Hey Z man:). Here is two other interesting Euler-like sums that do converge. What are your thoughts on finding a closed form?.
$$\sum_{n=1}^{\infty}\left[-(H_{n}^{(2)})^{3}+\frac{\pi^{2}}{2}(H_{n}^{(2)})^{2}-\frac{\pi^{4}}{12}H_{n}^{(2)}+\frac{\pi^{6}}{216}\right]...[1]$$

and/or

$$\sum_{n=1}^{\infty}\frac{\left(2(H_{n}^{(2)})^{2}-\frac{2\pi^{2}}{3}H_{n}^{(2)}+\frac{\pi^{4}}{18}\right)}{n+1}...[2]$$

both of these have closed forms in terms of zeta values...I am pretty sure.

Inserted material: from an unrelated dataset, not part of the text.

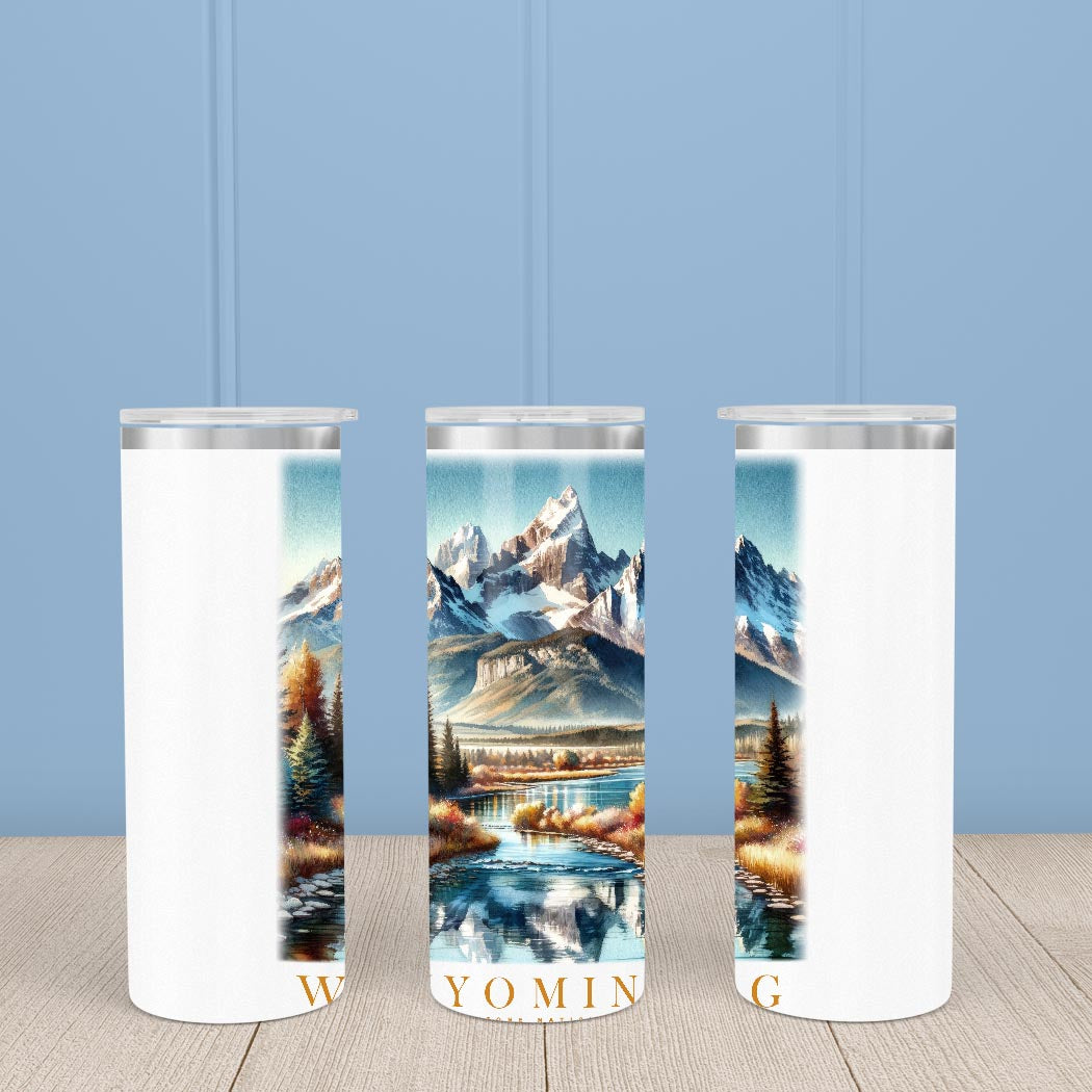 Wyoming Landmark & Landscape Watercolor 20oz Skinny Tumbler

[2] I managed to come up with when using Abel summation to expand and sum [1]:

$$\sum_{n=1}^{\infty}\left(\zeta(2)-H_{n}^{(2})\right)^{3}=\sum_{n=1}^{\infty}\left[-(H_{n}^{(2)})^{3}+\frac{\pi^{2}}{2}(H_{n}^{(2)})^{2}-\frac{\pi^{4}}{12}H_{n}^{(2)}+\frac{\pi^{6}}{216}\right]$$

It is part of the expansion of the Abel sum, $b_{n}-b_{n+1}$ : $$\sum_{n=1}^{\infty}n\left(\psi_{1}^{3}(n+1)-\psi_{1}^{3}(n+2)\right)$$. Well, if you step through it you'll know what I mean.

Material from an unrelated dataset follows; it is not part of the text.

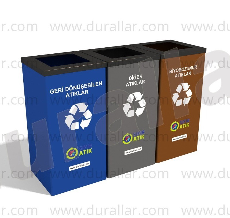 Gdk-3083 3’lü Sıfır Atık Geri Dönüşüm Kutuları, 162 Litre kapasite, elektrostatik boyalı DKP saç ile dayanıklı ve çevre dostu geri dönüşüm çözümü sunar.

where $$\psi_{1}(n+1)=\zeta(2)-H_{n}^{(2)}, \;\ \psi_{1}(n+2)=\zeta(2)-H_{n+1}^{(2)}, \;\ H_{n+1}^{(2)}=H_{n}^{(2)}+\frac{1}{(n+1)^{2}}$$

I used the difference of two cubes factorization to write this as several Euler sums. All are known values except [2] above. This is one portion of the expansion that is conditionally convergent.EDIT:

I managed to find the closed form for [2].

It is $$10\zeta(2)\zeta(3)+2\zeta(5)-5\zeta(4)-\frac{4\pi^{2}}{3}\zeta(3)$$

I can outline my method if anyone is interested.